1.
Я - Церковь, я –
Наживка Твоя.
Я - ловец человека,
Я - жертва ловца.
Я - Церковь, я
На Твоих раменах овца.
2.
Я - Церковь, я
Невеста Твоя.
Я - Церковь, я
Золотая любовь Твоя.
Кто - рыдая, смеясь? –
Выплеснул золото в грязь?
О помози!
Золота не видно в грязи.
Но, едва-едва,
Золотом грязь жива.
И Ты, Женише! -
В грязи, ниц,
Казнимый за моих убийц!
Я - Церковь, я
Первая боль Твоя.
3.
Я - Церковь, я
Юность Твоя.
Я - Церковь, я
Песня Твоя.
В небе – Твоя
Иерархия,
В хоре – Твоя
Мелодия,
В поэзии – Твоя
Строфа,
Я - сквозь века:
Маранафа!
Общение святых
Мы когда-то считали, что нимб –
Просто блестящий металлический диск,
Которым голова прикрепляется к доске.
Мы за чудо почитали копоть икон
И неразличимость цветов. Чудес
Мы не знали. Но произошло
Открытие небес, светолитие дня.
Как молоды оказались вы!
Раскрыв рты, мы смотрим на вас,
Как младшие братья, позабыв совок,
Из песочницы восхищенно глядят
На белозубого брата-моряка,
Пришедшего на побывку весной.
Лучистый смех, сиянье погон,
Сильные руки, вверх взмывает малыш.
Так вот что такое пурпур - живая кровь!
Так вот что есть бытие - вохра и санкирь!
Так вот что есть золото - не металл,
Но живое сгущение света! Так вот
Что такое белое!
Когда вы склоняетесь, встаете близ,
Мы забываем уныние и печаль,
Одиночество, тревогу и плен –
Собственно, все, что и составляет предмет
Нашей слезной молитвы к вам.
Неделя всех святых
Эй, парень!
Ты что, уснул там, в окопе?
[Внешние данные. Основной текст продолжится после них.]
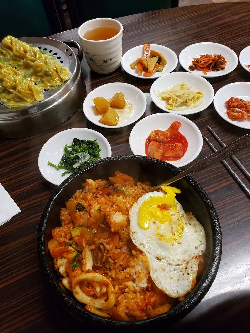 Hidden inside a Asian Supermarket second floor. They offer authentic Korean food. Most of the items in the menu comes with multiple side dishes.

Что ты
Уткнулся невидящим лицом в грязь?
Ты что там, устроился жить,
Медленные минуты тянуть,
Есть эту глину, сосать червей,
Примерять сапоги
мертвецов?
Окоп - не жилье, парень,
Окоп - это место войны!
Самое опасное в этой
войне –
Затишье между боями:
Трава на бруствере,
стеклянное небо,
Неподвижность берез,
провисанье
жаворонка,
Божья коровка на щеке,
слипание век,
Обманчивая тишина.
Эй, очнись! Видишь -
скоро
Снова начнут!
Видишь - мы здесь
до тебя воевали,
Два батальона здесь положили мы,
Мы отстояли высоту,
отбросили танки,
Фланги укрепили и наладили связь -
Тебе совсем ерунда осталась!
Смелее, мы здесь, мы с тобой.
Держи мою винтовку, солдат, целься верней.
День Всех Святых - сиянье войны и парада.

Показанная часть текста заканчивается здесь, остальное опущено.